Introduction: 8-bit ALU (Arithmetic Logic Unit)
In this Instructable, I will be going through the process of building and understanding the architecture behind an ALU (Arithmetic Logic Unit). The ALU is part of a computer's CPU (central processing unit) and it handles arithmetic and logic operations as the name suggests.
The ALU that we will be building is a far simpler version than what may exist on your computer. More complicated ALUs may handle 64-bit numbers and have many more functions than just addition and subtraction. The ALU that will be discussed here will only be able to perform addition and subtraction on 8-bit numbers and will be built from 74HC logic using XOR, AND, and OR gates. All of which will be explained in detail in this instructable.
Supplies
Supplies
- 26 AWG Multicore wire (4 meters)
- 4x 4-way DIP SPST switches
- 1x PTM Switch (through hole)
- 24x 470 Ohm resistors
- 24x 5V LEDs
- 5V Adapter
- 30 cm x 10 cm perf board
- 6x CD4070 (XOR gate)
- 4x LS7408 (AND gate)
- 4x LS7432 (OR gate)
- 5V Adapter
Tools
- Soldering Iron
- Solder
- Wire Cutter/Stripper
- Multimeter
Step 1: Binary
As with most digital circuits, data is transmitted in a binary format. Binary is a numerical system in base 2, meaning binary numbers are composed of either 0s or 1s. 0s can be represented as LOW (GND) signals whereas 1s can be associated with HIGH (for our purposes, 5V) signals. The decimal value of a binary number can be determined by positions of 0s and 1s. Each 1 or 0 value expresses a certain power of 2. Each 1 or 0 is referred to as a bit of data.
Take the 4-bit examples:
[1 0 0 1] = 2^3 + 0 + 0 + 2^0 = 8 + 1 = 9
[1 1 1 1] = 2^3 + 2^2 + 2^1 + 2^0 = 8 + 4 + 2 + 1 = 15
Step 2: Logic
Digital logic refers to the manipulation of binary values using integrated circuits (ICs). These circuits are known as logic gates. There are many types of 'gates', all of which are composed of a specific arrangement of transistors (if you would like to learn more about transistors, I'd recommend the following video from the channel Real Engineering). The three logic gates we will be focused on are AND, OR, and XOR logic gates.

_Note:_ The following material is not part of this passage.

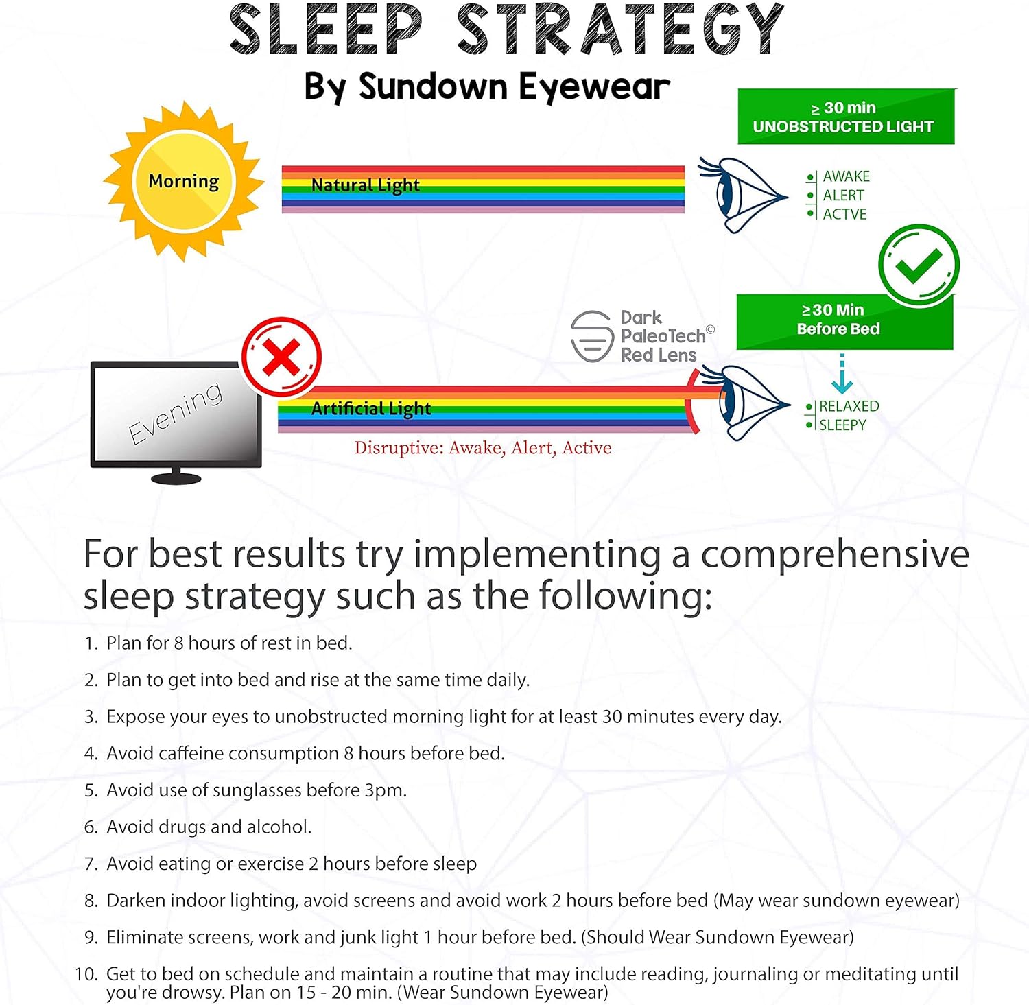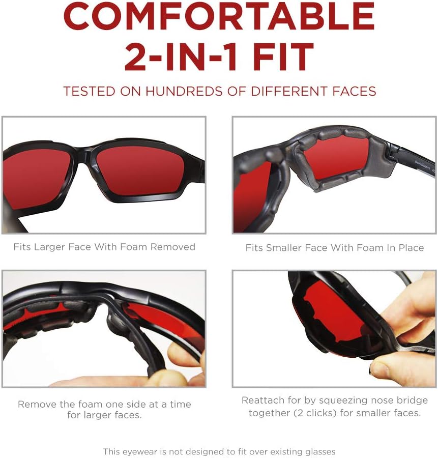 How they work: Wearing Sundown Eyewear with PaleoTech red lenses in the evening reduces the negative effects of artificial light exposure. It does this by mimicking natural light exposure that, as the evening darkens, signals our brain to prepare for rest. Why they work: Circadian rhythms (daily hormone changes related to light) govern much of our most basic biology. Re-synchronizing our hormone system results in not just a better sleep, but better brain function, better athletic performance and better metabolic function. The second way these eyewear function is by significantly reducing the light received by your eyes prior to bed. Our lenses block 92% of all the incoming light to function as ‘Dark Therapy’ eyewear that enhances melatonin response and sleep. Avoiding screens and artificial lights is the best practice but if artificial lights and screens are unavoidable, these eyewear are the next best thing. Sundown Eyewear block 99.8% of blue and green light under 580nm. That’s all the wavelengths of brain exciting, sleep disturbing light. Blue, green and bright light suppress the onset of the sleep hormone melatonin resulting in difficulty falling and staying asleep. Screens can be difficult to read as a result of blocking blue and green light. Use ’greyscale’ (black and white) screen setting for best function but avoid screens when possible since they’re not conducive to sleep. You may see some faint purple or violet, this is normal. Refer to our transmission values (<435 or >750nm) Our eyewear is designed to fit large faces with the foam removed (5′ wide at temple) and small faces with the foam attached (4.5″ wide at temple). These are not designed to fit over glasses. Best results are realized when used at least 30 min (or more) prior to bed and after 7 to 10 nights of continuous use and in conjunction with a comprehensive sleep strategy that aims to strengthen circadian rhythm. Our glasses are worn as PRE-SLEEP glasses and are not for use while sleeping

Logic gates usually take 2 inputs and produce an output dependent on the inputs. An AND gate will only produce a HIGH output if both inputs are HIGH. OR gates will only produce a HIGH output if at least one input is HIGH. XOR logic gates will produce a HIGH output if and only if one input is HIGH and the other is LOW.
AND Gate Logic | ||
---|---|---|
INPUT 1 | INPUT 2 | OUTPUT |
0 | 0 | 0 |
0 | 1 | 0 |
1 | 0 | 0 |
1 | 1 | 1 |
OR Gate Logic | ||
INPUT 1 | INPUT 2 | OUTPUT |
0 | 0 | 0 |
0 | 1 | 1 |
1 | 0 | 1 |
1 | 1 | 1 |
XOR Gate Logic | ||
INPUT 1 | INPUT 2 | OUTPUT |
0 | 0 | 0 |
0 | 1 | 1 |
1 | 0 | 1 |
1 | 1 | 0 |
Step 3: Full Adder
Using 3 digital logic gates (AND, OR, and XOR), we can create what is known as a Full Adder circuit. A full adder takes in 3 inputs. A carry and two binary inputs. An adder is meant to 'add' two binary inputs. If A and B are both 0 (LOW signals), the output will be 0, assuming there is no carry. Likewise, If A or B is HIGH and the other is LOW, the output will result in a HIGH signal. If both are HIGH, and the carry-in is LOW, the carry-out will trigger HIGH while the sum will be LOW.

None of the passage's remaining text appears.